Stephen Murphy (born 23 September 1969) is an Irish former professional snooker player. He was part of the Irish team that were runners-up at the 1996 World Cup of snooker.

==Biography==
Stephen Murphy was born on 23 September 1969. After he first moved to England to pursue a snooker career he lived with his compatriot and fellow-snooker player Eugene Hughes, who was described as his friend and mentor. They practised together at the Ilford Snooker Club.

He became a professional player having finished fourth in the pro-ticket series and defeating Derek Mienie 9–4 in the 1989 professional play-offs. He played on the professional circuit from 1989 to 1999, achieving a highest ranking of 50.

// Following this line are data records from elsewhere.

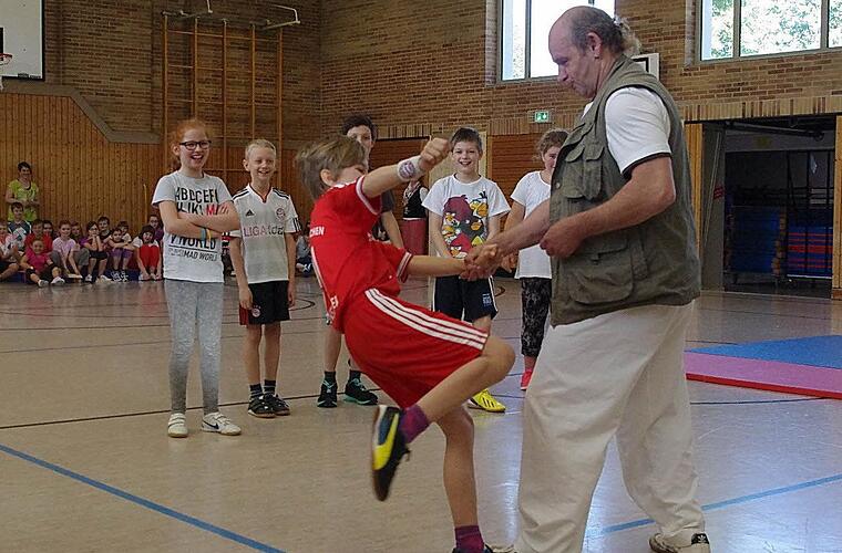 Sie zeigten beispielsweise den richtigen Einsatz von Körpersprache und Stimme, verschiedene Techniken zur Selbstverteidigung und das richtige Verhalten, wenn man im Schulhof in die Enge gedrängt oder aus einem Auto heraus angesprochen werde. "Eure stärkste Waffe ist die Stimme", appellierte Busse. Die "Vollpfosten" - so seine Bezeichnung für Straftäter - suchten sich in der Regel schwächere Kinder aus.
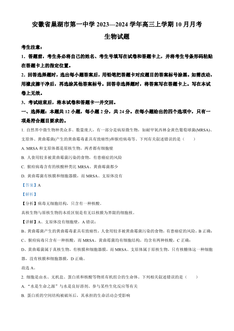 安徽省巢湖市第一中学2024届高三上学期10月月考试题 生物答案
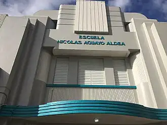 The Aguayo Aldea Vocational High School (Spanish: Escuela Superior Vocacional Aguayo Aldea), popularly known as La Vocacional,[2] is a historic school in Caguas, Puerto Rico, named after Nicolás Aguayo Aldea, a Puerto Rican writer and politician from the 19th century.[3] The Art Deco building dates to 1939 and was designed by architects Lizardi & Díaz Diez.
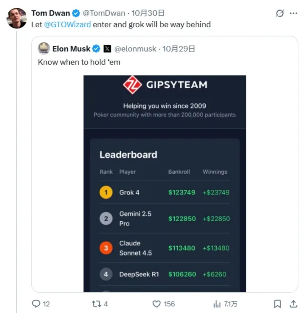 这场从本周一开启的“AI德扑大战”,直到周三被全球首富埃隆·马斯克在X(原推特)上晒自家AI的战绩,才真正“火”了起来。而Tom Dwan(“毒王”)的转发无疑又给它添了把油。
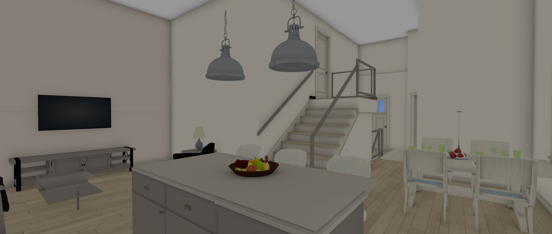 create a high resolution photorealistic interior rendering based on the reference image mnt data a32690ce 3304 443e bcf0 3ff4123f16b1 png maintain all architectural and interior features exactly as shown the kitchen island and cabinetry pendant lights fruit bowl flooring living room furniture tv and console staircase with cable railing dining table and chairs wall colors and overall room proportions enhance all materials to realistic textures including wood floors painted walls metal fixtures and fabric upholstery casting gentle natural reflections and warm ambient light into the interior keep the scene crisp sharp and fully photorealistic
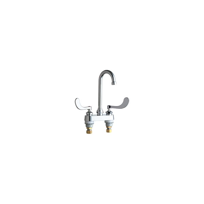 Chicago Faucets No. 895-317E29VPCP, Polished chrome plated solid brass construction with integral shanks. 3 1/2" C-C rigid/swing field convertible gooseneck spout. 2.2 GPM vandal resistant pressure compensating aerator outlet. 4" Wristblade handles with eight point tapered broach, secured color coded index buttons. Quaturn™ quarter-turn renewable compression cartridge designed to close with water pressure with square tapered broach feature to help facilitate handle removal. Inlet shanks contain standard 1/2" NPSM threaded inlets with coupling nuts for connection to 3/8" or 1/2" standard flexible risers. Mounting hardware included. This product meets ADA requirements and is tested and certified to industry standards: ASME A112.18.1, NSF 61, Sec. 9 and CSA B125.
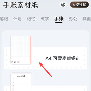 2、分类是非常细致的,分为笔记、记忆、练字、办公等多个版块,每个版块里提供多种素材纸。
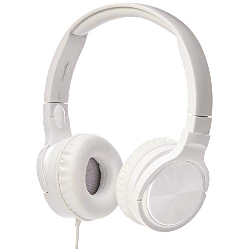 An Amazon Brand Lightweight headphones in White with comfortable on-ear design that minimizes outside noiseL-shaped stereo mini plug for connecting to your phone, MP3 player, computer, or other device with a 3.5 mm jackFrequency range of 12...
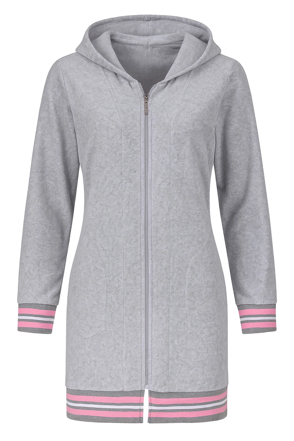 Długość szlafroka mierzona na płasko to ok. 93 cm, długość rękawa ok. 60 cm, wymiary mogą się od siebie różnić w zależności od rozmiaru.
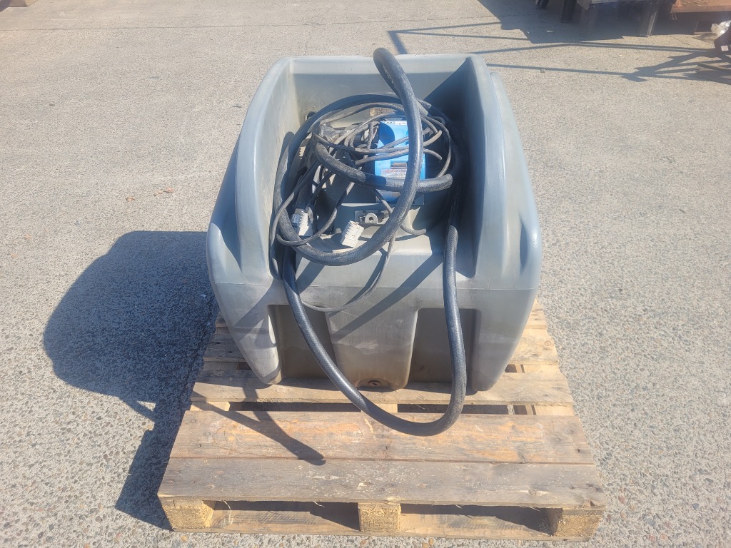 Description: Used fuel pod, with hose and pump handle, approximate dimensions L 850mm x W 700mm x H 760mm.
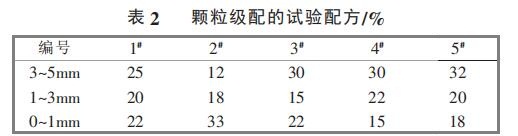 澆注料的致密程度和流動性跟顆粒級配密切相關(guān),而最佳的顆粒級配又隨骨料種類、臨界粒度的大小和基質(zhì)組成的不同而不同,最合適的顆粒級配應(yīng)該由試驗(yàn)確定。本試驗(yàn)選擇了5 種不同的顆粒級配,細(xì)粉部分全部相同,顆粒級配的試驗(yàn)配方如表2所示。
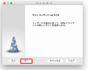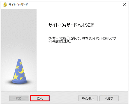 - サイトウィザードが起動しますので、【次へ】をクリックします
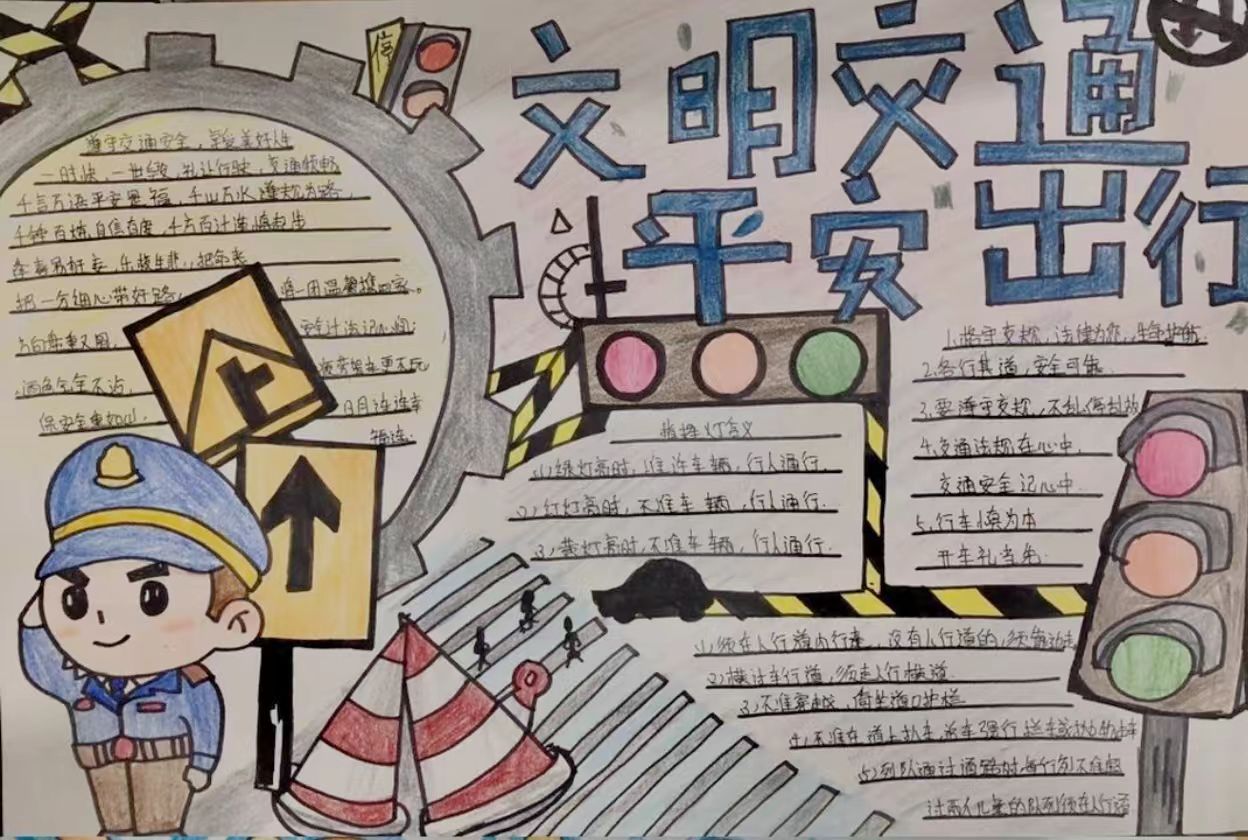 活动过程中,同学们围绕“行人安全须知”“骑行规范”“乘车礼仪”三大核心内容进行创作。他们将交通标志、安全口诀与生动活泼的插画巧妙融合,创作出主题鲜明、内容丰富的作品。这些作品既传达了交通安全知识,又通过形象直观地表达增强了教育的趣味性和感染力。

He defeated Dennis Taylor in a run to the last-32 of the 1990 Dubai Classic and defeated John Virgo on his way to the last-32 of the 1991 British Open, before his run was ended by James Wattana. He reached the last-32 of the 1992 World Snooker Championship, where he lost 3–10 to Stephen Hendry.

Murphy represented Ireland at the 1996 World Cup of snooker. Three-man teams with one sub from all over the globe took part at the Armari Watergate Hotel in Bangkok. The Irish team consisted of Murphy along with Ken Doherty, Fergal O'Brien and Michael Judge as sub. Ireland beat Canada to earn a semi-final with England. The England team was made up of Peter Ebdon, Nigel Bond and Ronnie O'Sullivan but lost 10–9. Ireland faced a Scotland team of Hendry, John Higgins and Alan McManus in the final and lost 10–7.

Despite returning to Dublin upon retirement, Murphy would visit to watch his friend Doherty play at future World Championships.